Torneranno a farsi notare le gonne lunghe dal taglio dritto e quelle con l’orlo asimmetrico. E non mancheranno neanche i modelli cargo e quelli a pieghe in stile preppy.
Ma ecco nel dettaglio i cinque modelli di tendenza che impazzano già su Instagram e che siamo certe finiranno presto anche nelle vostre wishlist!
1. Minigonne
Per qualche stagione hanno lasciato tutta la scena alle colleghe dalla lunghezza midi, ma adesso le minigonne sono pronte al riscatto. A diventare grandi star dei look quotidiani i modelli dai colori vivaci, in tweed, con le frange e anche quelli in lino, che saranno al nostro fianco anche a estate inoltrata.
*** Minigonne: i modelli della PE 2022 ***
AMOTEA Minigonna arancione dalla linea ad A con le frange
Credits: courtesy of press office
& OTHER STORIES Minigonna in lino a stampa floreale
Credits: stories.com
SANDRO PARIS Minigonna in tweed con frange sull’orlo
Credits: it.sandro-paris.com
2. Gonne asimmetriche
Qualcuno fa ancora fatica a immaginare le gonne con l’orlo asimmetrico nel guardaroba quotidiano, eppure il loro potenziale fashion è davvero evidente. Da quelle lunghe in seta a quelle midi a vita alta: anche solo indossate con un pullover sottile o una semplice t-shirt bianca in cotone riescono da sole a risolvere il look.

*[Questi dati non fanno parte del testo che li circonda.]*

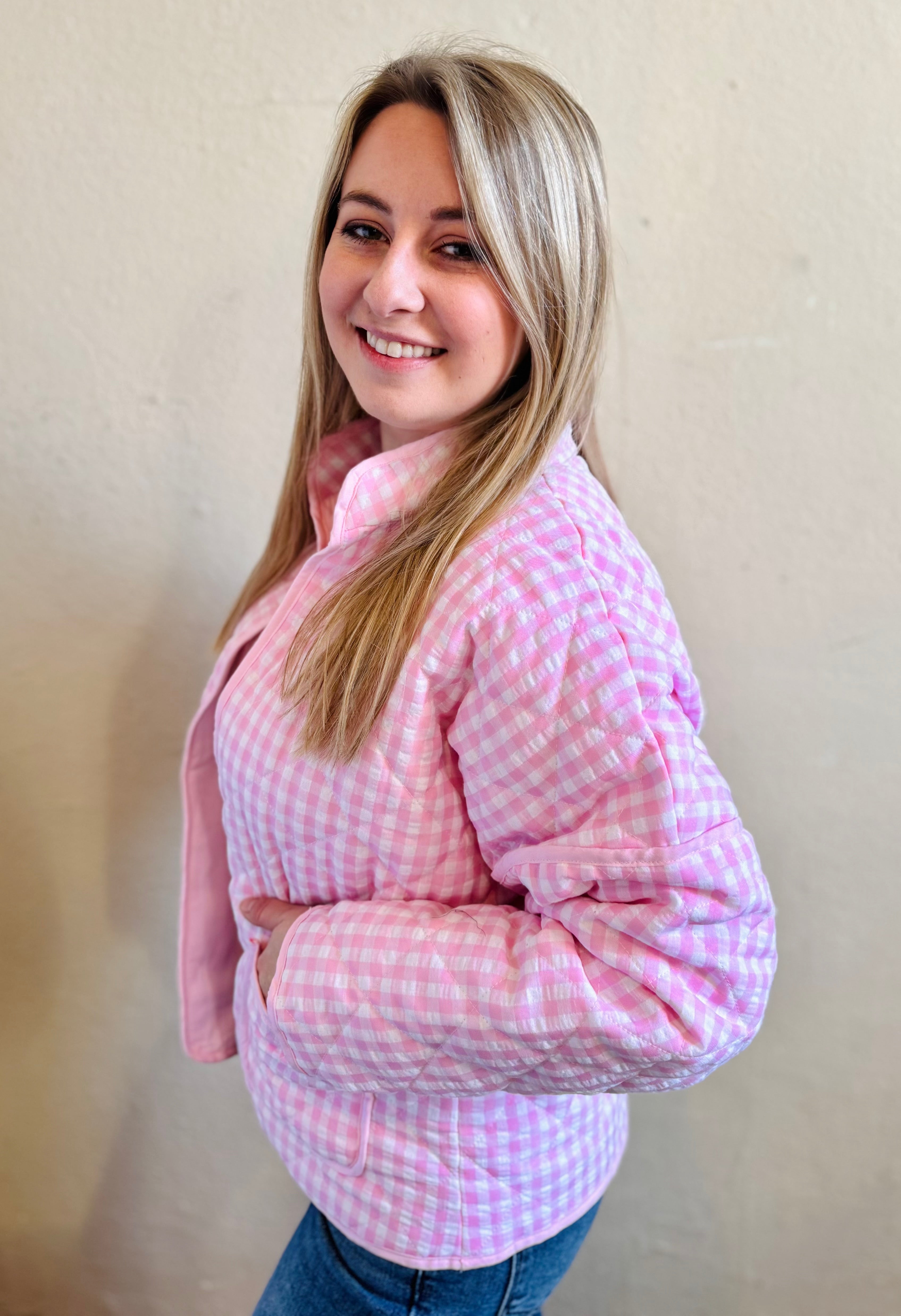 Whether you're running errands, meeting friends for brunch, or enjoying crisp spring days, this quilted gingham jacket effortlessly combines vintage-inspired style with contemporary flair. The soft, padded construction keeps you warm while the playful gingham print adds a pop of personality to your wardrobe.

MARNI Gonna lunga in seta con l’orlo asimmetrico
Credits: farfetch.com
MAJE Gonna midi asimmetrica in cotone stampato
Credits: it.maje.com
THEORY Gonna midi a vita alta con l'orlo asimmetrico
Credits: farfetch.com
3. Gonne cargo
Non solo i pantaloni, anche le gonne cargo si preparano a vivere il loro momento d’oro. Se siete fan dello stile nineties sarete felici di sapere questa primavera-estate abbonderanno sugli scaffali dei negozi modelli mini, midi e maxi arricchiti da tasche, zip e coulisse in vita. Da abbinare a delle comodissime sneakers o da sdrammatizzare con delle slingback più femminili.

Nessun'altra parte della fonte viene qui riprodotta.